Even when none of those criminal suspects has been arraigned in any court, there were never suggestions at any point that Terwaze and his men came from Syria or Iraq. So, the officials who are peddling tales that members of some nebulous Islamic State in West Africa have penetrated the country and are responsible for the killings are doing so for unclear but definitely not patriotic reasons. The fact that is in the public domain is that several arrests have been made of Nigerians involved in these killings without any action taken to bring them to justice.

For instance, on 27th May 2016, following a military “Operation Safe Haven” in Plateau State, Major General Tagbo Ude paraded six members of a syndicate of cattle rustlers that allegedly murdered a 35-year-old Adamu Yusuf and rustled (stole, in simple language) his 32 cows and 22 sheep while he was grazing around Sagas village in Mangu local government area. While the stolen cows were scattered by the rustlers with some moved into Fan in Barkin Ladi and Bukuru in Jos South local governments of the state, security agents reportedly recovered 19 of them and all the sheep. Those arrested rustlers, about whom nothing has been heard ever since, were identified, not as ISIS members, but rather as bona fide home-grown criminal suspects with known names and addresses.

What the foregoing says is that this government should stop looking for silly excuses and begin to proffer solutions to the security challenges plaguing the nation. That people who ordinarily do not like Obasanjo are celebrating his statement speaks to a growing disenchantment with the manner in which the current administration has handled critical issues. If it is not that the handing-over note is delaying important appointments, rat would be chasing the president from office while Federal Executive Council meeting may not hold because the president is reading some reports on which he would not even take any action!

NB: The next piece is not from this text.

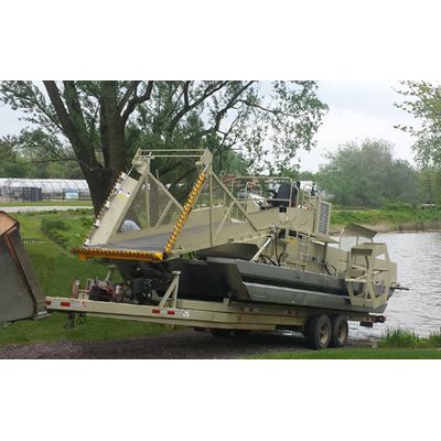 Designed to launch and retrieve in shallow situations, the TTR-12 Tilt Trailer is compatible with 220 Series and smaller Harvesters and the TH-12 Trash Skimmer.

While Nigerians are tired of these excuses that are not even clever, what is perhaps more damaging is the seeming insensitivity that has become the hallmark of this government. From releasing a meaningless documentary just to prove that the president can crack jokes to receiving governors asking him to contest at a period of national distress, not only have the choices made by President Buhari called to question his judgement, he has most often looked aloof and distant when the occasion demanded that he be the consoler-in-chief. Yet, what Buhari and his handlers fail to appreciate is that whenever human emotions are exhibited in a leader, people take hope while a tear for the distressed, a sigh of contrition in moments of mistakes, one heartfelt utterance of genuine grief when people are hurting etc. are some of the attributes of a genuine leader—it is not about taking all tidings with equal indifference, as Buhari does most times.

Notwithstanding whatever may be his failings, President Buhari has a right to seek a second term if he so chooses and it is left for Nigerians to decide whether or not they consider him worthy. So to that extent, between now and May 2019, emphasis should be on how he can make course corrections. Buhari is still our president and whatever he does (or refuses to do) will still impact us as a nation, even if he ends up not seeking re-election. However, I am also of the strongest conviction that when the time comes for him to decide, the president should look beyond those who are making their own cold calculations not because they love him but rather because he is the only political vehicle (they believe) that can deliver to them power and privileges.

That time, I must add, has not come.